While in war safety lies in invisibility, in peace the reverse is true. Now that the war is over, it may seem that the work of the camoufleurs can find no useful application; but it was impossible to learn how to make objects invisible without also learning how to make them conspicuously visible. As a consequence, we know now how to paint a ship so that it will show up more clearly in foggy weather, thereby reducing the danger of collision. We know, too, how to paint light-ships, buoys, etc., so that they will be much more conspicuous and better guides to mariners, and how to color railroad signals and road signs so that they will be more easily seen by locomotive engineers and automobile drivers.


[CHAPTER XII]
Submarines

It was an American invention that dragged America into the war—an American invention in the hands of barbarians and put to unspeakably barbarous use.

After seeing how the Huns used the submarine we are not so sure that we can take much pride in its invention. But if any blame attaches to us for developing the submarine, we made amends by the way in which we fought the German U-boat and put an end to German frightfulness on the sea. Of course, the credit for Germany's defeat is not for a moment claimed by Americans alone, but it must be admitted that we played an important part in overcoming the menace of the U-boat.

There is no question that the submarine was an American invention. To be sure, we can look into ancient books and find suggestions for navigating under the surface of the sea, but the first man who did actually build a successful submarine was David Bushnell, back in the Revolutionary War. After him came Robert Fulton, who carried the invention farther. He built and operated a submarine for the French Government, and, in more recent years, the submarine became a practical vessel of war in the hands of John P. Holland and Simon Lake, both Americans. However, we are not interested, just now, in the history of the submarine, but rather in the development of this craft during the recent war.

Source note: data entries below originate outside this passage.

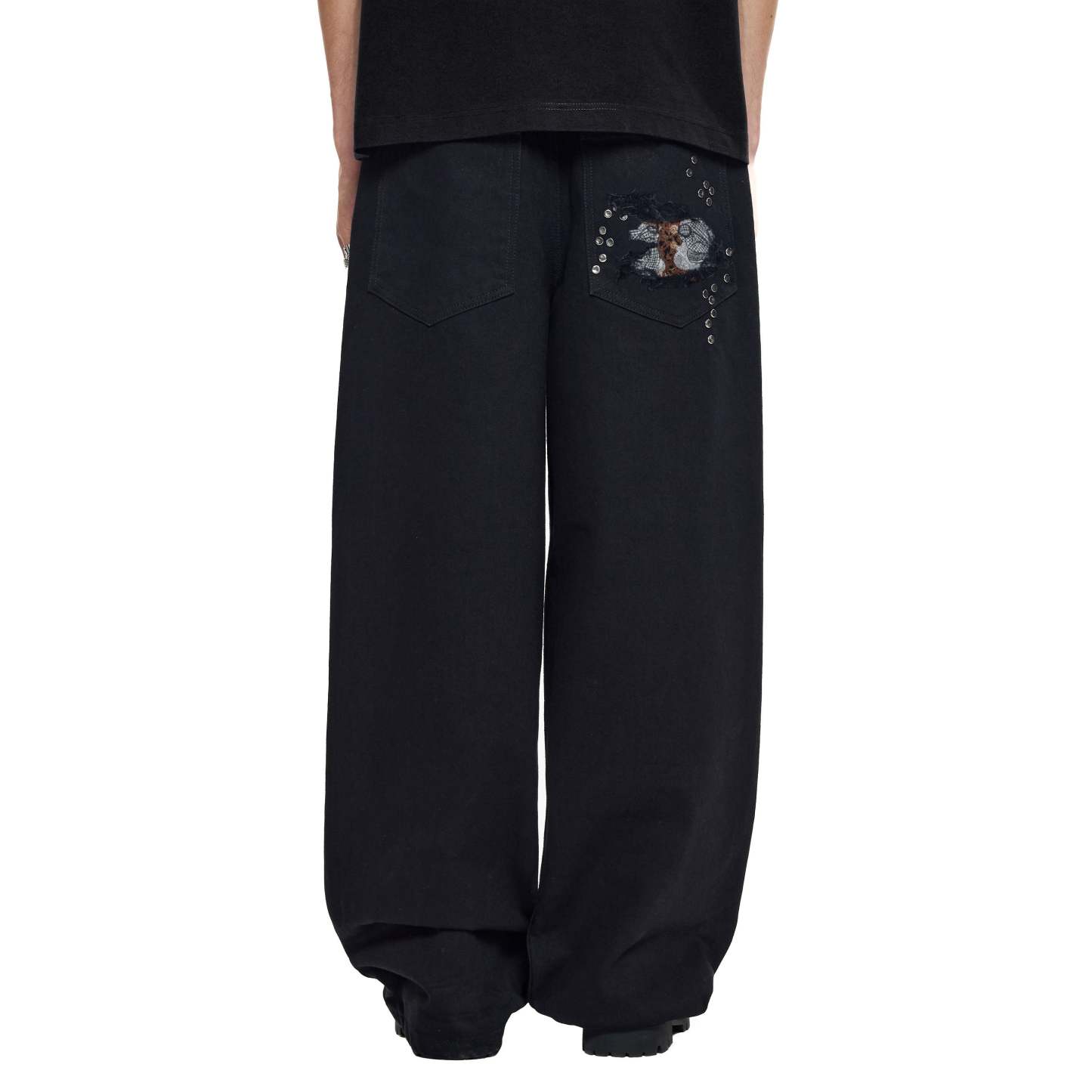14,5oz denim / 100% cotton / distressed and patched at knees and back pocket / embroidery on back pocket patch / button studs at knees and back pocket / debossed printed leather patch / custom button / wash inside out / fits true to size / all profits will be donated
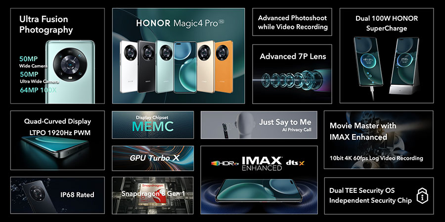 В самото начало на мобилния конгрес в Барселона китайската технологична компания Honor, която от известно време работи напълно самостоятелно от Huawei, обяви своята нова серия флагмански смартфони, на които ще разчита през тази година. Както вече знаем серията се казва Magic4, а сега разбрахме, че в нея влизат моделите Magic4 и Magic4 Pro. Заедно с тях компанията обяви още слушалките Earbuds 3 Pro и умния часовник Watch GS 3.
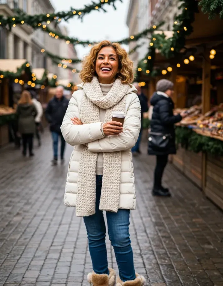 This outfit is winter coziness at its cutest. She s wrapped up in a cream puffer coat over a matching knit sweater and chunky scarf, paired with blue skinny jeans and the softest-looking tan shearling boots ever. The whole vibe is casual, warm, and perfect for walking through holiday markets with a hot drink in hand and a big smile on your face.
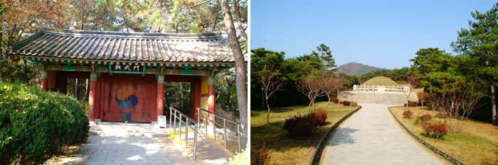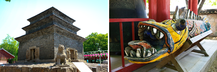 三国統一(676年)を成し遂げた新羅30代の文武大王(在位 661∼681)の水中陵(長さ約20メートルの岩の島)で、慶州市内から約36キロ離れたところにあります。「死んだら火葬して東海に埋めよ、そうしたら護国龍となって新羅を保護しよう」という王の遺言に従い仏教式の葬儀方法で火葬し、遺骨をここに埋めたと伝えられています。死んでも国を護ろうという王の護国精神が染み込んだ場所です。
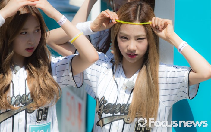 (서울=포커스뉴스) 19일 오후 서울 종로구 성균관대 캠퍼스에서 걸그룹 우주소녀의 멤버 여름이 'Y24 스쿨어택' 행사에 참여해 머리에 빨대를 두르고 있다.
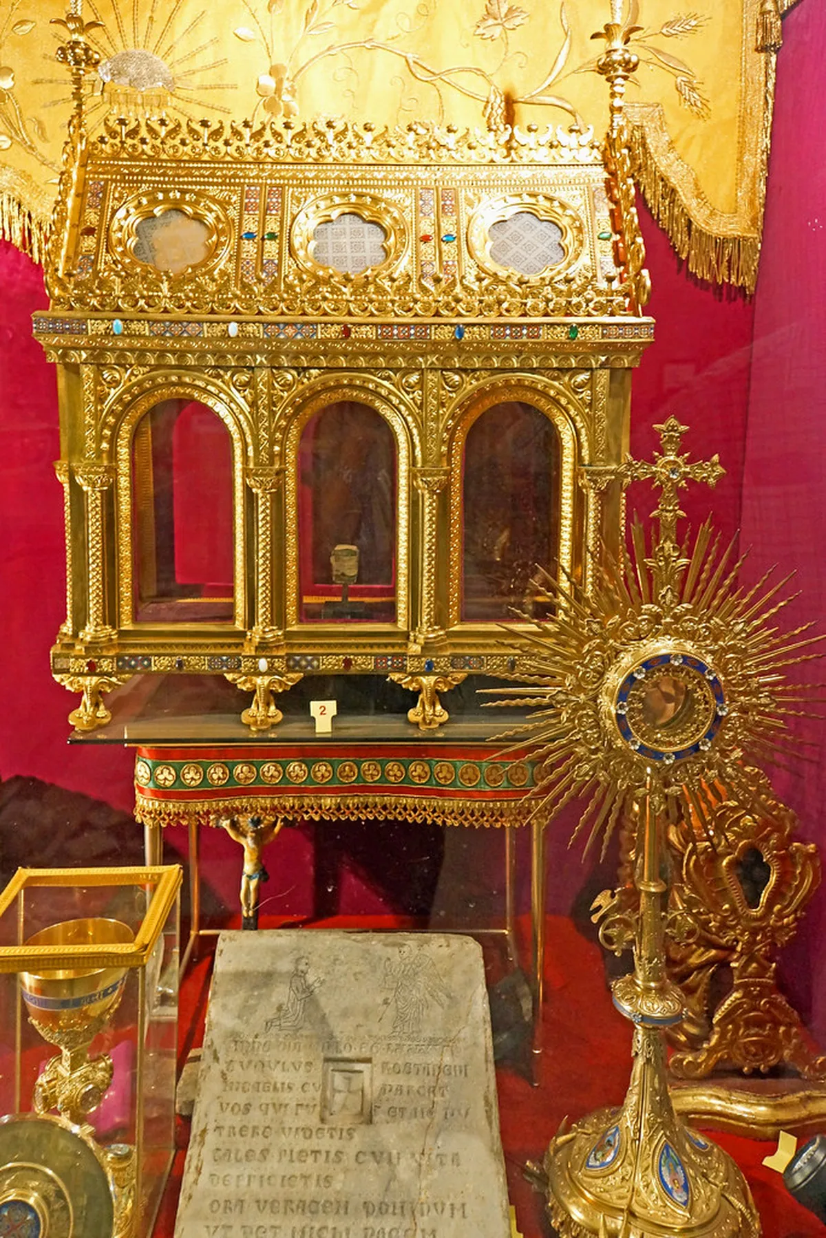 The path leading to the church is lined with massive stone sarcophagi from the Roman and medieval periods. This walkway creates a solemn and historic atmosphere before you even reach the main church doors. Wear comfortable walking shoes because the ground can be uneven and made of loose gravel or stone. The walk is flat but requires some care to navigate the historic burial pathways.
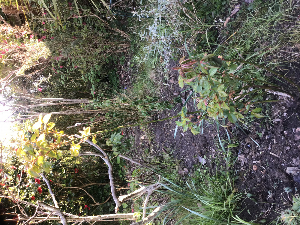 This rose was planted about 4 years ago and it was only last year we had our first blooms. It looks very healthy now but wonder if the one much longer stem (which is about 20” longer than the others ) should be cut back or just left ? Thanks . Apologies that the photograph is not in portrait mode.
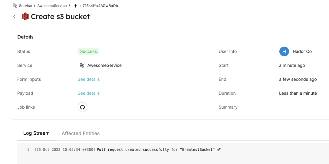 This page provides details about the action run. We can see that the backend returned Successand the pull-request was created successfully:
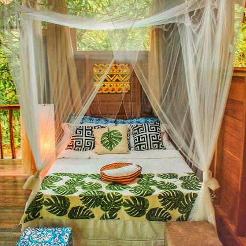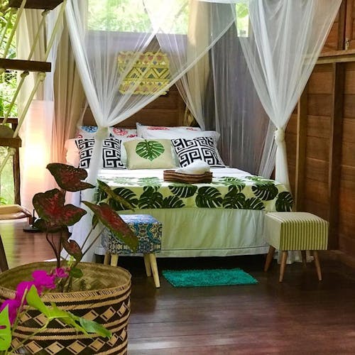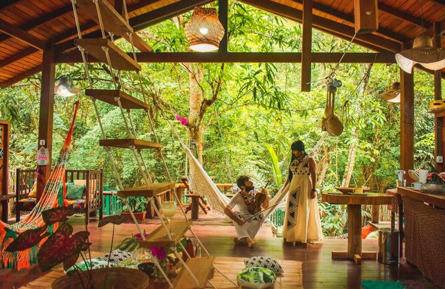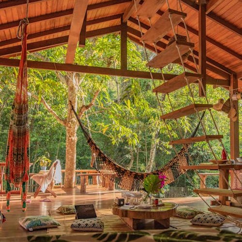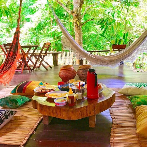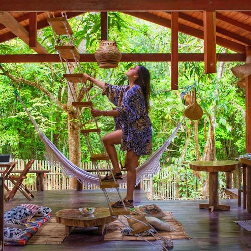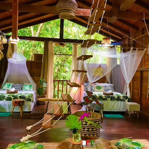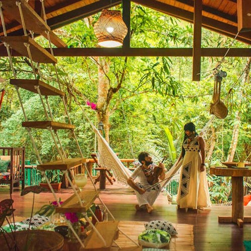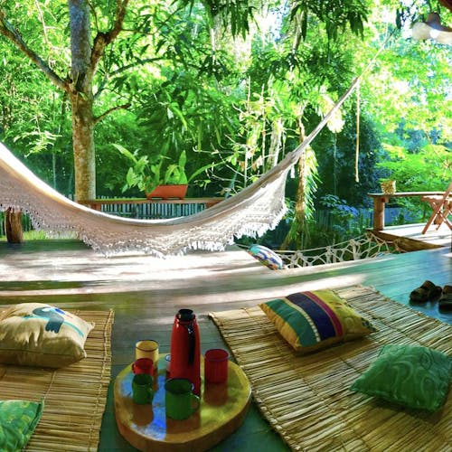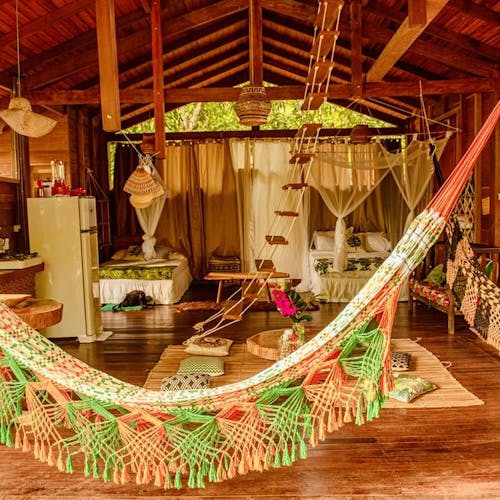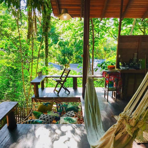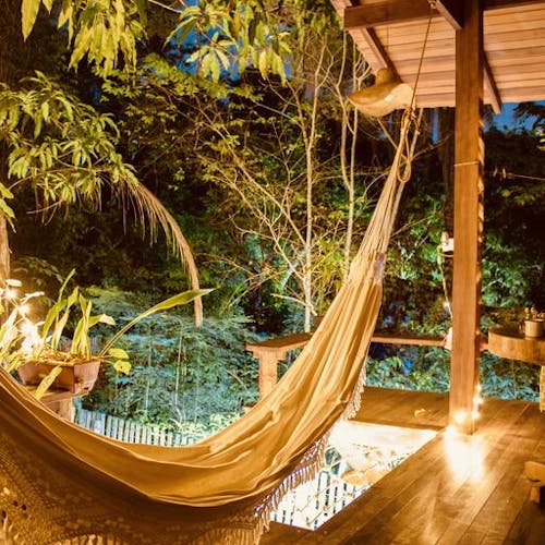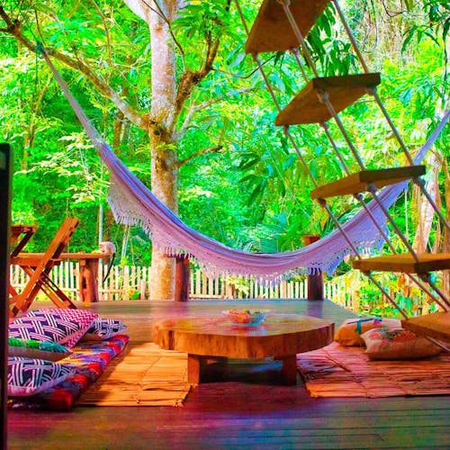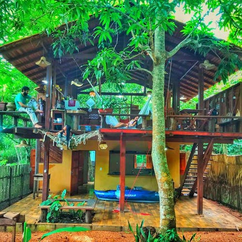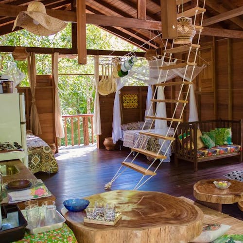 Uma casa na árvore diferente e cultural sem estar necessariamente nas alturas. Os proprietários recebem os hóspedes que terão a experiência de contato abundante com a natureza. A 50 metros da praia e com um terraço ao ar livre.
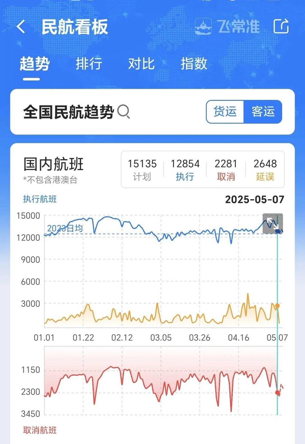 据@飞常准“民航看板”数据统计,昨日国内航班计划执行15135班,实际执行12854班,取消2281班,延误2648班。
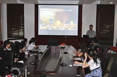为了宣传消防安全理念,普及消防安全常识,在我院保卫科协助下,2011年7月18日上午10时,科研实验中心在会议室举行了主题为“消防安全,由你开始”的消防安全知识讲座。讲座由袁国莲副主任主持,邀请西安市消防中心张春光讲师主讲。科研实验中心李可主任、相关工作人员及部分本院研究生参加了此次讲座。
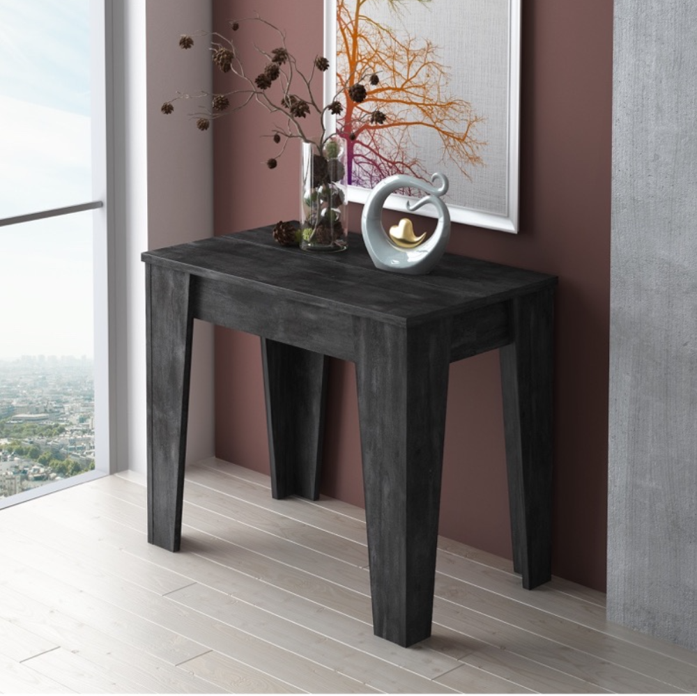 Consolle allungabile Petra con 6 allunghe colore nero effetto cemento
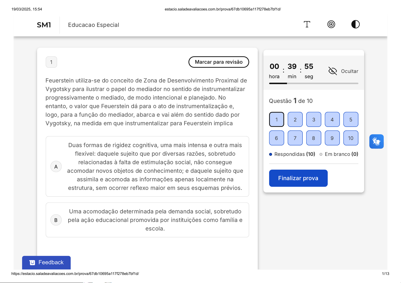 A B 1 Marcar para revisão Feuerstein utiliza-se do conceito de Zona de Desenvolvimento Proximal de Vygotsky para ilustrar o papel do mediador no sentido de instrumentalizar progressivamente o mediado, de modo intencional e planejado. No entanto, o valor que Feuerstein dá para o ato de instrumentalização e, logo, para a função do mediador, abarca e vai além do sentido dado por Vygotsky, na medida em que instrumentalizar para Feuerstein implica Duas formas de rigidez cognitiva, uma mais intensa e outra mais flexível: daquele sujeito que por diversas razões, sobretudo relacionadas à falta de estimulação social, não consegue acomodar novos objetos de conhecimento; e daquele sujeito que assimila e acomoda as informações apenas localmente na estrutura, sem ocorrer reflexo maior em seus esquemas prévios. Uma acomodação determinada pela demanda social, sobretudo pela ação educacional promovida por instituições como família e escola. 00 hora : 39 min : 55 seg Ocultar Questão 1 de 10 Respondidas (10) Em branco (0) Finalizar prova 1 2 3 4 5 6 7 8 9 10 SM1 Educacao Especial Feedback 19/03/2025, 15:54 estacio.saladeavaliacoes.com.br/prova/67db10695a117f278eb7bf1d/ https://estacio.saladeavaliacoes.com.br/prova/67db10695a117f278eb7bf1d/ 1/13 C D E Uma contínua reapresentação do objeto ao sujeito (repetição), de modo que ele cause cada vez menos desequilíbrio devido à familiaridade progressiva. Uma série de posturas e ações específicas do mediador com vistas sobretudo ao desenvolvimento da modificabilidade cognitiva estrutural, pela ativação de funções cognitivas e operações mentais. Solucionar os problemas de estimulação sensorial a fim de que o sujeito tenha facilitadores para usar o material produzido. 2 Marcar para revisão Atualmente, as pessoas com deficiência têm tido maior independência na execução de tarefas que anteriormente não conseguiam ou tinham grande dificuldade em realizar. É inegável que ainda há muito para avançar para que todos tenham acesso aos diversos recursos de inclusão, mas também é inegável que muito já se avançou nesse sentido. Acerca da tecnologia assistiva, avalie as afirmativas a seguir: I- Tem como objetivo proporcionar à pessoa com deficiência maior independência, qualidade de vida e inclusão social, por meio da ampliação da comunicação, da mobilidade, do controle de seu ambiente, das 19/03/2025, 15:54 estacio.saladeavaliacoes.com.br/prova/67db10695a117f278eb7bf1d/ https://estacio.saladeavaliacoes.com.br/prova/67db10695a117f278eb7bf1d/ 2/13 A B C D E habilidades de aprendizado, do trabalho e da integração com a família, amigos e sociedade. II- Envolve áreas como as adaptações de atividades de vida diária (higiene e alimentação), a acessibilidade e adaptação de ambientes (rampas e banheiros adaptados) e o transporte adaptado. III- Mede a inteligência das pessoas com base nos resultados de testes padronizados e quantitativos, comparando o desempenho cognitivo de um indivíduo com deficiência ao desempenho de pessoas do mesmo grupo etário. IV- Entendida como o arsenal de recursos e serviços que contribuem para proporcionar ou ampliar habilidades funcionais de pessoas com deficiência e consequentemente promover vida independente e inclusão. Está correto o que se afirma em I e II. I, II e III I, II e IV. I, III e IV. II, III e IV. 19/03/2025, 15:54 estacio.saladeavaliacoes.com.br/prova/67db10695a117f278eb7bf1d/ https://estacio.saladeavaliacoes.com.br/prova/67db10695a117f278eb7bf1d/ 3/13 A B C 3 Marcar para revisão Considerar as diferenças é o foco da visão inclusiva. Para incluir, é essencial levar em conta a realidade, as experiências e as diversidades que compõem a identidade dos sujeitos. Alguns conceitos são essenciais para compreendermos os princípios de uma educação inclusiva. Sobre o conceito de equidade, analise as afirmativas. I- Assegura que as pessoas com deficiência sejam acolhidas e envolvidas em situações de aprendizagem e desenvolvimento em classes especiais. II- Proporciona a todos experiências escolares significativas de modo a desenvolver o respeito, a tolerância e o senso de pertencimento social. III- Garante oportunidades educativas a todos, independentemente da diversidade. Está correto o que se afirma em I e III. II e III. I e II. 19/03/2025, 15:54 estacio.saladeavaliacoes.com.br/prova/67db10695a117f278eb7bf1d/ https://estacio.saladeavaliacoes.com.br/prova/67db10695a117f278eb7bf1d/ 4/13 D E II, apenas. III, apenas. 4 Marcar para revisão Ao se tratar de inclusão nas escolas, é necessário pensar em ambientes acessíveis e inclusivos. A acessibilidade deve ser garantida em salas de aula, laboratórios, auditórios, bibliotecas, sala dos professores, secretarias, coordenação, áreas esportivas, refeitórios, sanitários, enfim, todo o ambiente escolar. Além da dimensão prática de um cotidiano inclusivo é essencial que sejam defendidas algumas posturas. Analise as afirmativas apresentadas a seguir. I- Realização de ação pedagógica que segregue indivíduos e que os trate como homogêneos devem ser totalmente banidas do cotidiano escolar. II- Intensificação de um dos maiores princípios da educação inclusiva de reorganização da escola a partir do parâmetro da equidade. III- Promoção da igualdade do ponto de vista educacional, a fim de que o aluno com deficiência participe autonomamente do processo de sua aprendizagem. IV- Organização de classes especiais que promovam a interação entre os alunos com deficiência, evitando constrangimentos que sofrem pelos não possuem deficiência. 19/03/2025, 15:54 estacio.saladeavaliacoes.com.br/prova/67db10695a117f278eb7bf1d/ https://estacio.saladeavaliacoes.com.br/prova/67db10695a117f278eb7bf1d/ 5/13 A B C D E Está correto o que se afirma em II e IV. I e III. I, III e IV. I, II e IV. I, II e III. 5 Marcar para revisão "Quando o filho completou 4 anos, Elaine Kiss, como a maioria dos pais, come
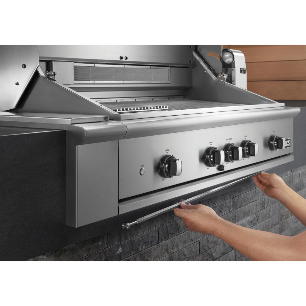 The 6” storage accessory extends your grill to fit a 42” or 54” space. It bolts seamlessly onto either side of the grill to store racks, grates and tools. This accessory is sold separately.
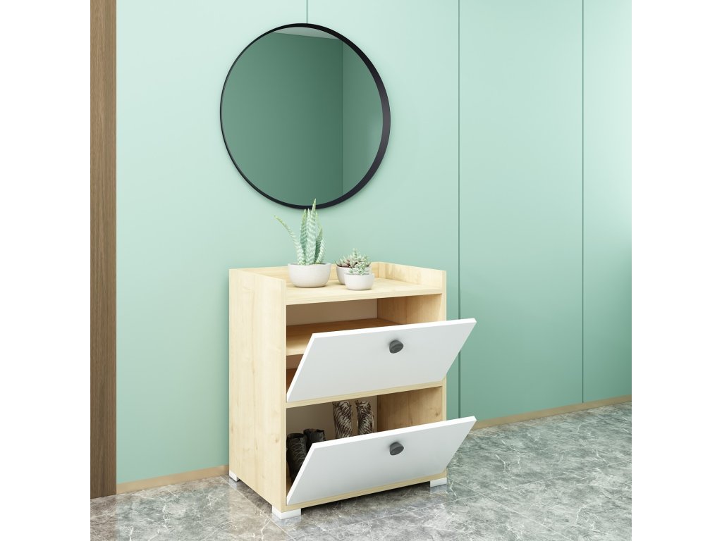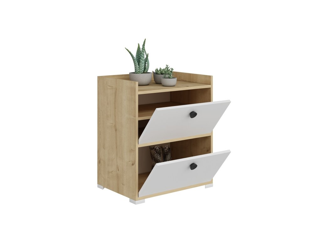 V dekoru dub sapphire s bílými výklopnými dvířky nabízí botník METE krom tří uzavřených regálů i ohraničenou odkládací desku.
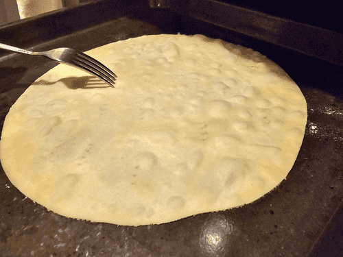 Preheat the oven to 250 degrees. Place the dough on a baking sheet and poke it several times with a fork all over.
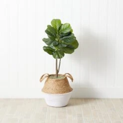 3′ Artificial Fiddle Leaf Fig Tree With Handmade Cotton & Jute Woven Basket DIY Kit

With Great Britain as an enemy, Germany knew that she was hopelessly outclassed on the sea; but while "Britannia ruled the waves," she did not rule the depths of the sea, and so Germany decided to claim this realm for her own. Little attention did she pay to surface vessels. Except in the Dogger Bank engagement and the Battle of Jutland, the German first-class vessels did not venture out upon the open sea, and even the lighter craft merely made occasional raids under cover of fog or darkness, only to cut and run as soon as the British vessels appeared. The submarine boat, or unterseeboot as the Germans called it, was virtually the only boat that dared go out into the high seas; consequently, the Germans specialized upon that type of craft and under their close attention it grew into a highly perfected war-vessel. But the Germans were not the only ones to develop the submarine, as we shall see.